Low calorie attack from the Heartland
pilot
We’ve had at least three variants in the last year, each of which has rewritten the book on how well the vaccine works.

Also, the uptake of the vaccine hasn’t been as predicted/hoped either, so it’s impact on the community (not individuals) has been different from what was expected.

And we’ve learned things that you can only learn over a year, vice a few month’s trial.

So of course it’s a moving target. How could it not be?

This kind of brings up a bigger issue of how we communicate anything to the public that isn't black or white, that has a lot of uncertainty going forward. I don't know the best way to do it, I do know the CDC and leadership didn't do it the best way.
Bingo. We’re asking people to vaccinate and boost for a variant that has been replaced by not one, but three follow-on variants. I’m vaccinated, but not sold on boosters for exactly this reason. If someone hesitated to get the Covid vaccine when it was new and game-changing, I see no reason why they’d suddenly change their mind now that everyone is getting “Omicron”.
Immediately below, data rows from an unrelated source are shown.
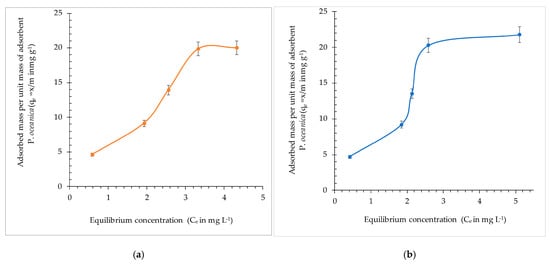 Several researchers have already reported that the aqueous solution’s pH is an important parameter influencing the sorptive uptake of dyes because of its profound impact on both the surface-binding sites of the biosorbent and the ionization/aggregation process of the dye molecules [12,19,20,38]. The lower adsorptive capacity that was noted at the most acidic value studied (pH = 2.20) can be attributed to the fact that MB is a cationic substance (pKa = 3.14 up to 3.851, Table S1, Supplementary Materials), combined with the phenomenon that, at low pH values (or high concentrations of hydrogen cations H+), the surface of the seaweed can be positively charged (primary via protonation of functional groups contained in polysaccharides, lipids and proteins). Therefore, due to the repulsive electrostatic forces between the adsorbent and the absorbate, reduced adsorption occurred at pH = 2.20. Consequently, pH = 5.45 was set as the optimal value for the maximum adsorbent capacity and used in the rest of the adsorption experiments, including the study of adsorption isotherms. The results of the present study regarding the influence of the solution’s pH on the biosorption of MB by algae are consistent with those of other published studies that involved the study of the biosorptive uptake of MB using various species of algae, such as the Mediterranean green alga Enteromorpha spp. [20], and P. oceanica [19], which showed that the equilibrium biosorption capacity was optimal under alkaline conditions (pH = 6–10) and minimum at acidic pH 2 [19,20].
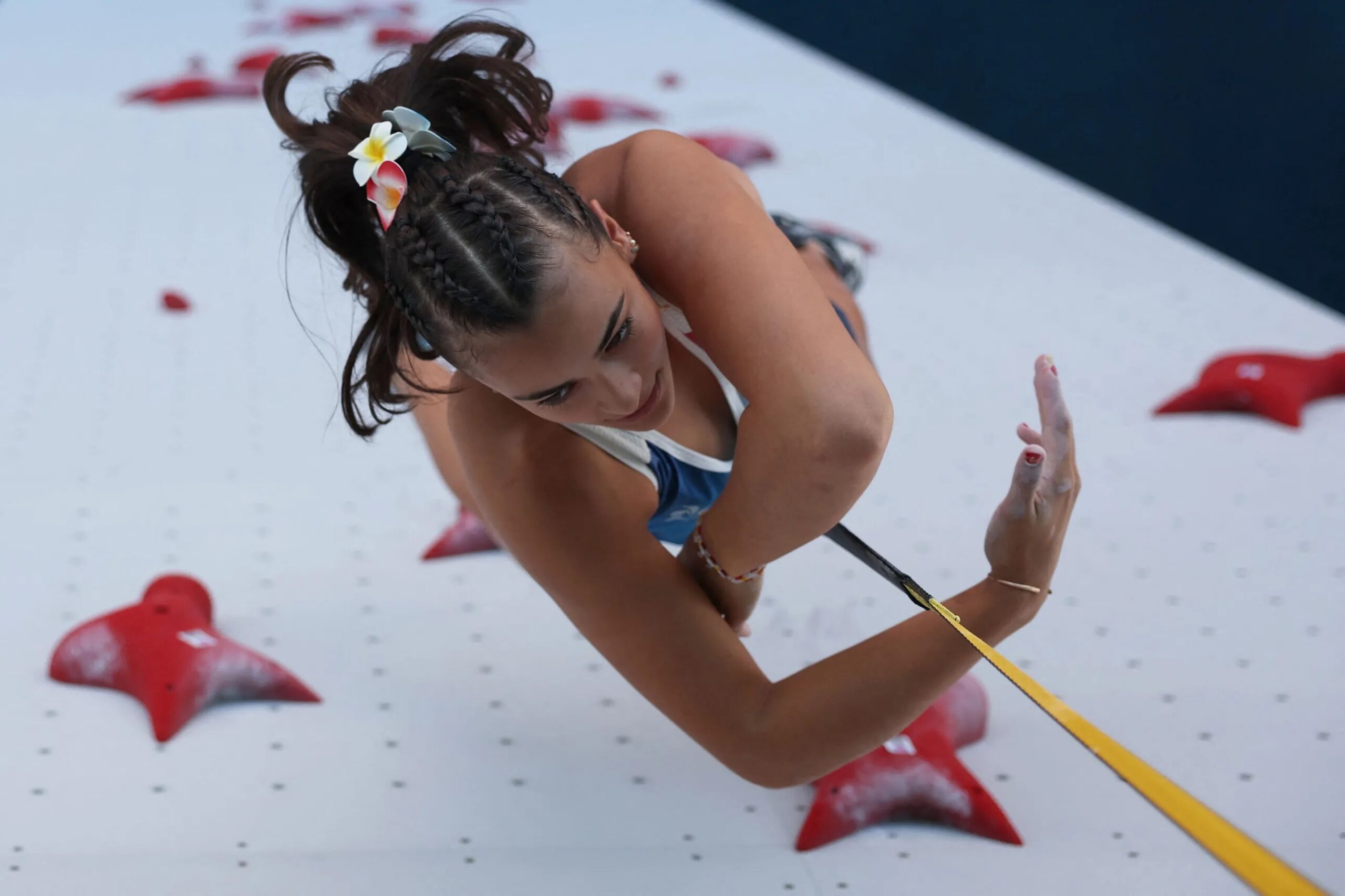 La escaladora apostó por las trenzas rematadas en una coleta con flores en el pelo.
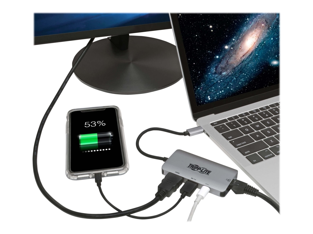 Eaton Tripp Lite Series Usb C Multiport Adapter Converter W/ 4K Hdmi Gigabit Ethernet Port & Usb-A Hub, Thunderbolt 3 Compatible Pd Charging - Dockningsstation - Usb-C 3.1 / Thunderbolt 3 - Hdmi - 1Gbe
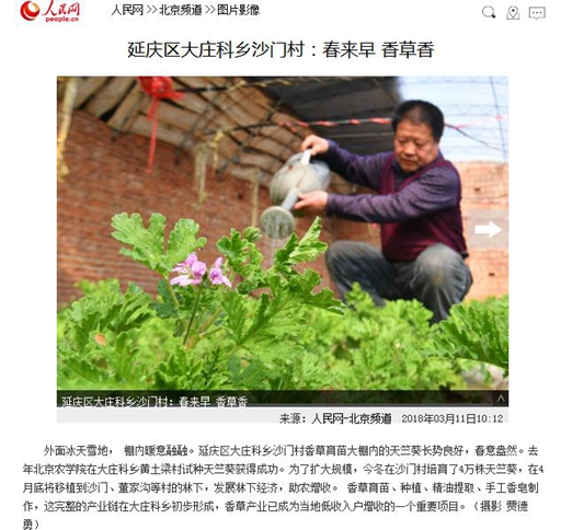 外面冰天雪地, 棚内暖意融融。延庆区大庄科乡沙门村香草育苗大棚内的天竺葵长势良好,春意盎然。去年3044永利官网vip首页欢迎您在大庄科乡黄土梁村试种天竺葵获得成功。为了扩大规模,今冬在沙门村培育了4万株天竺葵,在4月底将移植到沙门、董家沟等村的林下,发展林下经济,助农增收。香草育苗、种植、精油提取、手工香皂制作,这完整的产业链在大庄科乡初步形成,香草产业已成为当地低收入户增收的一个重要项目。(摄影 贾德勇)
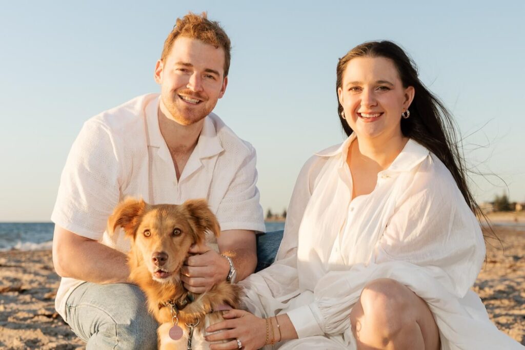 Mel and Mitch’s engagement session at Seacliff Beach captured a relaxed and heartfelt sunset by the sea. With golden colours across the sky and the sound of the waves nearby, they wandered along the shoreline with their dog, sharing sweet and genuine moments together. Their easy laughter and natural connection made every frame feel effortless, creating a warm and joyful atmosphere. It was a beautiful way to celebrate this special chapter in their journey together.
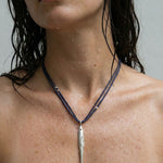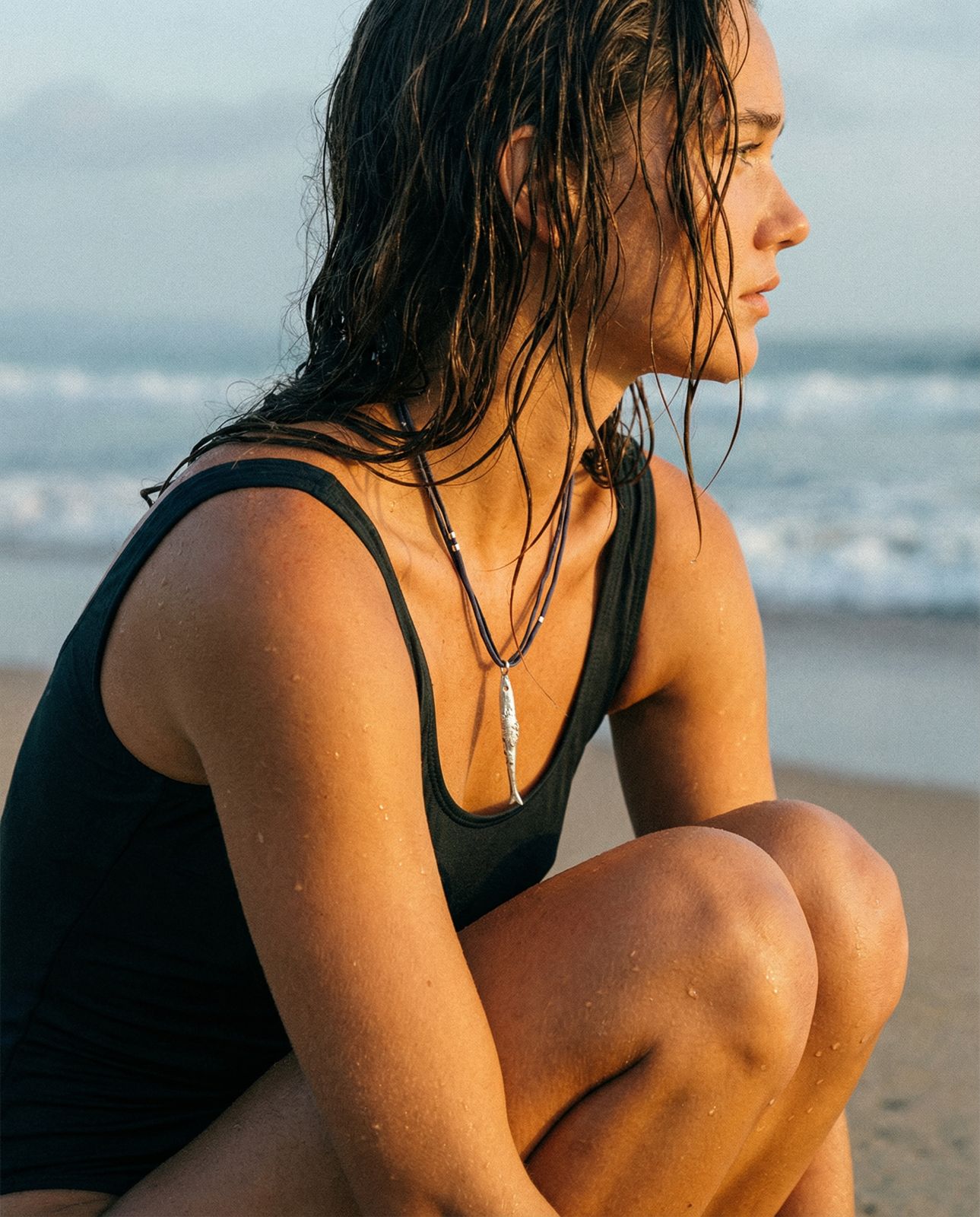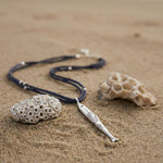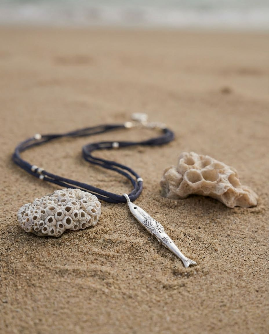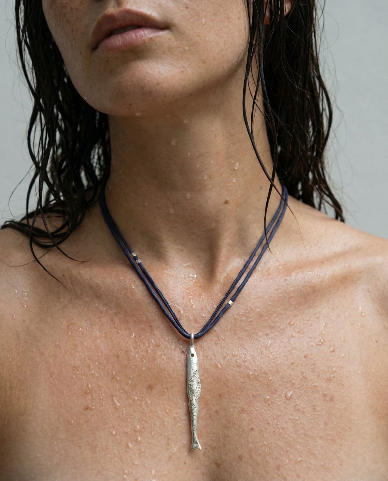 Collar de seda con pez tallado a mano y textura natural en plata 950 con ojo de piedra de zafiro.
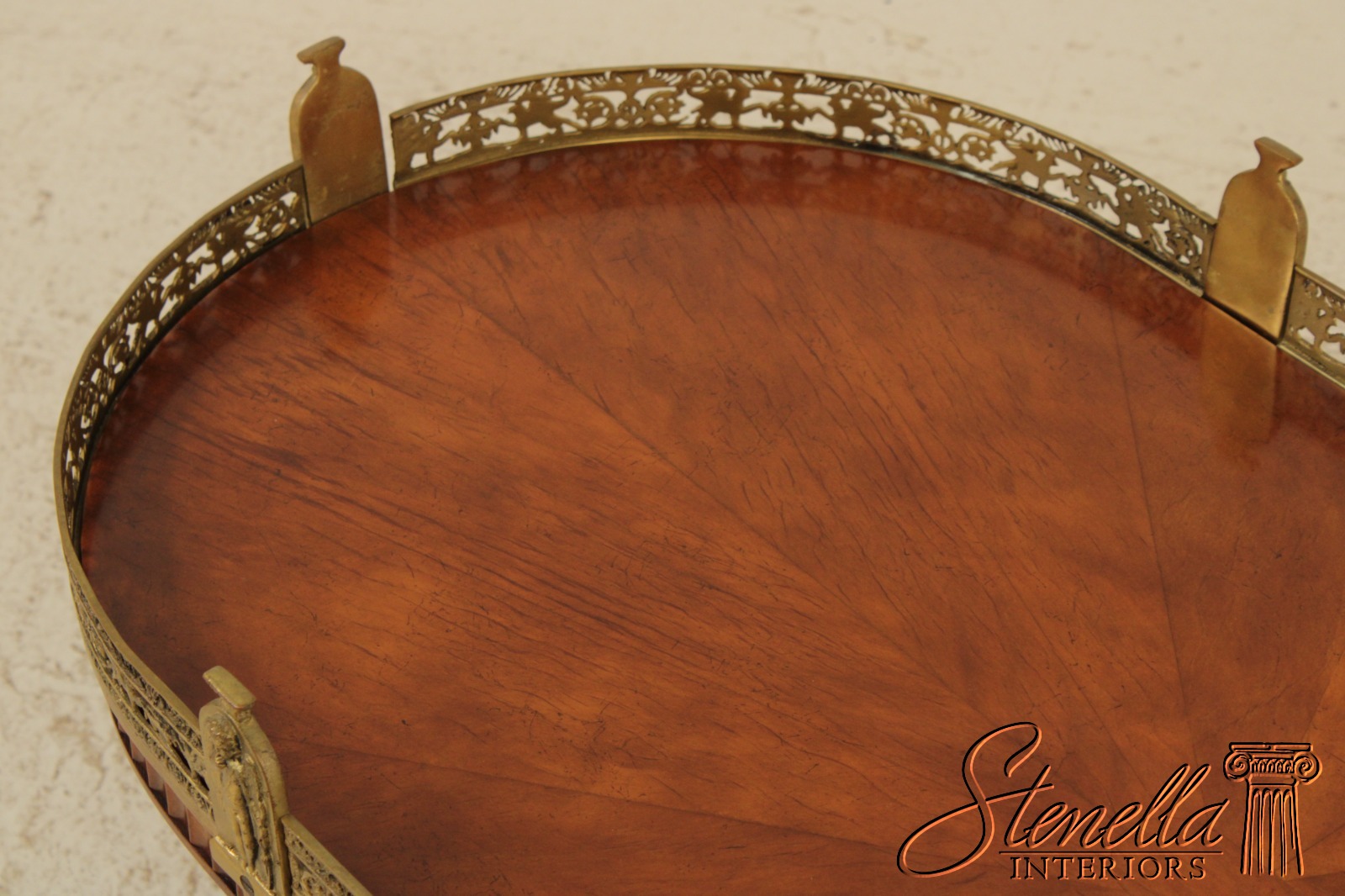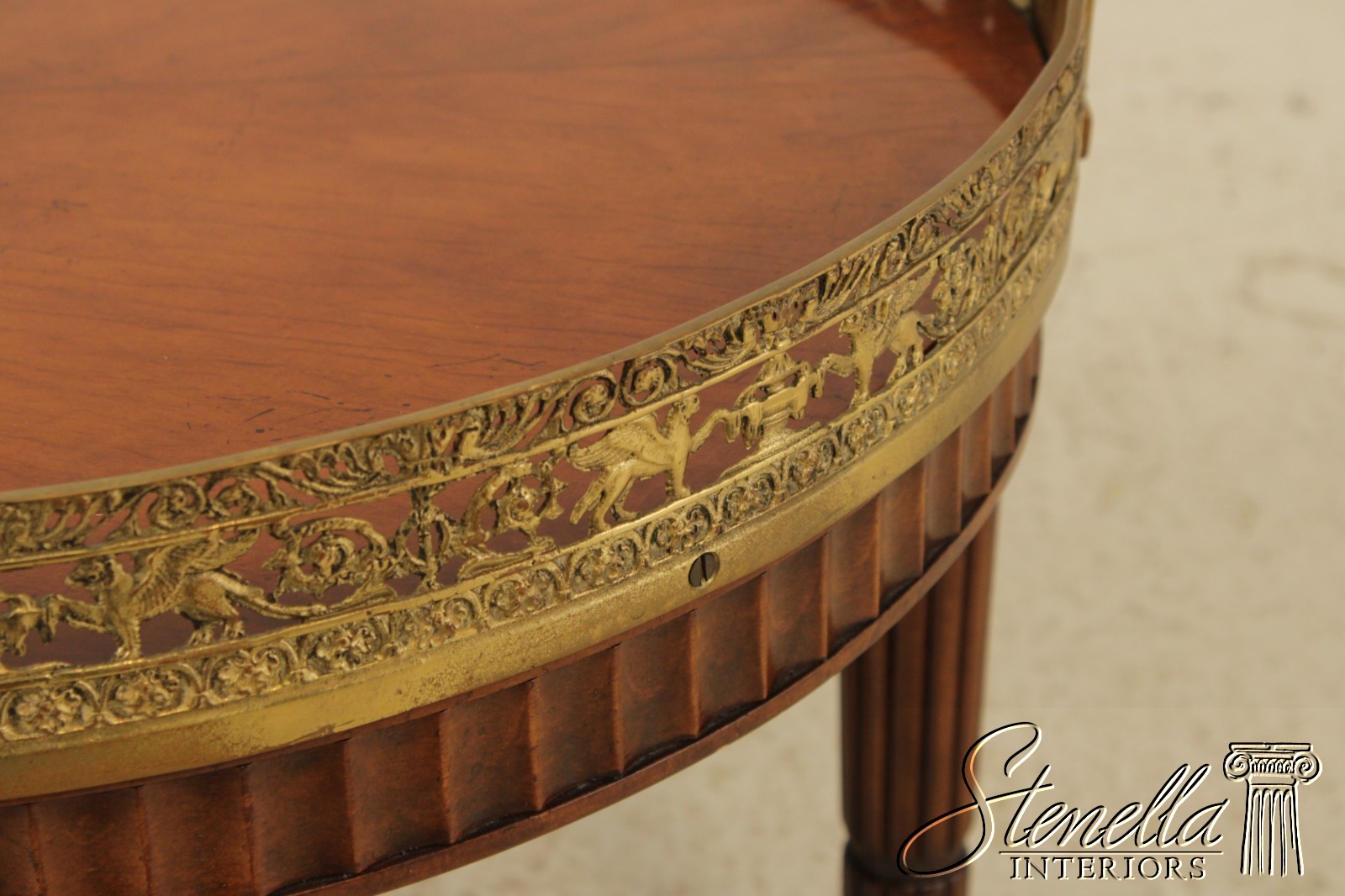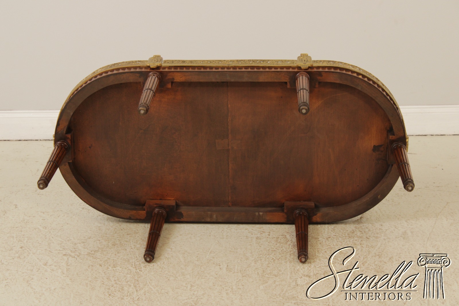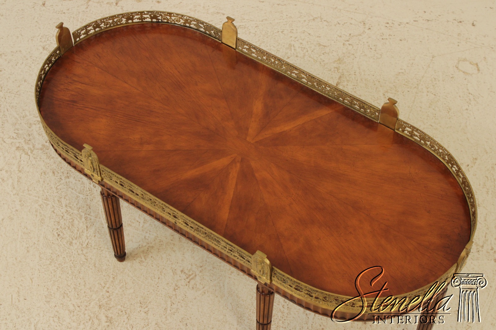 L71920: Vintage French Louis XVI Style Brass Gallery Coffee Cocktail Table

A while back, I kept reading about “100 day timeline” to update vaccines, and people were predicting an annual shot, like the flu (which I’m told IS updated annually to account for anticipated variants of concern). It’s been over a year since the Covid vaccine was first available to members of the public. Where is the updated version?
 

robav8r

Well-Known Member
None
Contributor
This kind of brings up a bigger issue of how we communicate anything to the public that isn't black or white, that has a lot of uncertainty going forward. I don't know the best way to do it, I do know the CDC and leadership didn't do it the best way.
???

This . . . X 1,000

It’s called intellectual integrity from government officials, the ones were supposed to trust. It’s OK to say “we’re not sure” or “we need some more time/data” before we’ll know for sure.”

The CDC, NIH, WHO failed miserably at this. And that’s why people are pissed. And we’re all still waiting for some level of “official” acknowledgment and accountability.